Another study comparing the accuracy of these three modalities screened 196 women at high risk for hereditary breast cancer and detected a total of six cases of invasive breast cancer. Mammography detected 2 of the 6 cases, ultrasound detected 3 of the 6, and MRI detected all 6 cases(Warner et al. 2001).
Regular screening is especially important for women who are at high risk of breast cancer. A woman can be placed in a high-risk category if she possesses either a single factor that greatly increases her risk or a combination of lesser factors that together increase her risk.

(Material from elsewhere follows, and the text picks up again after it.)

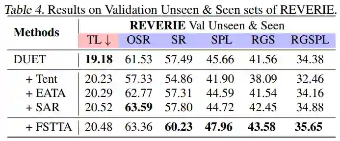 另外,所有表格中的实验结果最佳值均用粗体突出显示。此外,为了更直观地展示我们方法的效果,从表5到表8中,我们使用了不同的字体颜色来指示我们的方法是否超越了相应的基线方法,其中红色表示优于基础模型的结果,蓝色表示表现不如基础模型的结果。 5.1 与其他现有TTA策略的比较 目前,多种TTA策略已被巧妙地集成用于动态模型更新,并取得了显著进展。尽管在视觉语言导航领域对TTA的探索相对较少,但将当前先进的TTA方法整合到VLN中仍然展现出巨大的潜力。鉴于效率是评估TTA方法的重要指标之一,我们提供了每种方法执行单条指令所需的平均时间以供比较。在对比的方法中,SAR[9]和TENT[6]是常见的基于熵最小化的模型,而NOTE[21]、CoTTA[3]、EATA[4]和ViDA[22]则代表最先进的连续TTA(Continual TTA)方法。如表1所示,FSTTA方法在模型性能和测试效率上均展现了出色的能力。具体而言,在Val Unseen数据集上,我们的方法在SR和SPL上分别比现有最先进的SAR方法提升了6.2%和2.5%,同时测试时间减少了7%。

Single factors that can place a woman in a high-risk category include a personal history of breast cancer, carcinoma in situ, atypical hyperplasia, and exposure to high doses of ionizing radiation in childhood or young adulthood (for instance, for treatment of Hodgkin's disease) (Hancock et al. 1993; USPSTF 1996; Harris et al. 1997). A family history of breast cancer, especially in a mother, sister, or daughter, or a particular genetic mutation can also place a woman at high risk of breast cancer. In addition, research on genetic markers for breast-cancer risk has pinpointed a number of genes, two of which, BRCA1 and BRCA2, are associated with a markedly elevated risk of breast and ovarian cancer. As many as 60-80% of women with mutations in either of these two genes may develop breast cancer in their lifetimes (Alberg et al. 1997; Struewing et al. 1997; Whittemore 1997).
There are also several moderate risk factors for breast cancer, which occurring together can place a woman at high risk. They include having a first period (menarche) before age 12, not bearing a child, and having a first child after age 30. It is recommended that women at high risk for breast cancer have annual clinical breast examinations more frequently than women at average risk.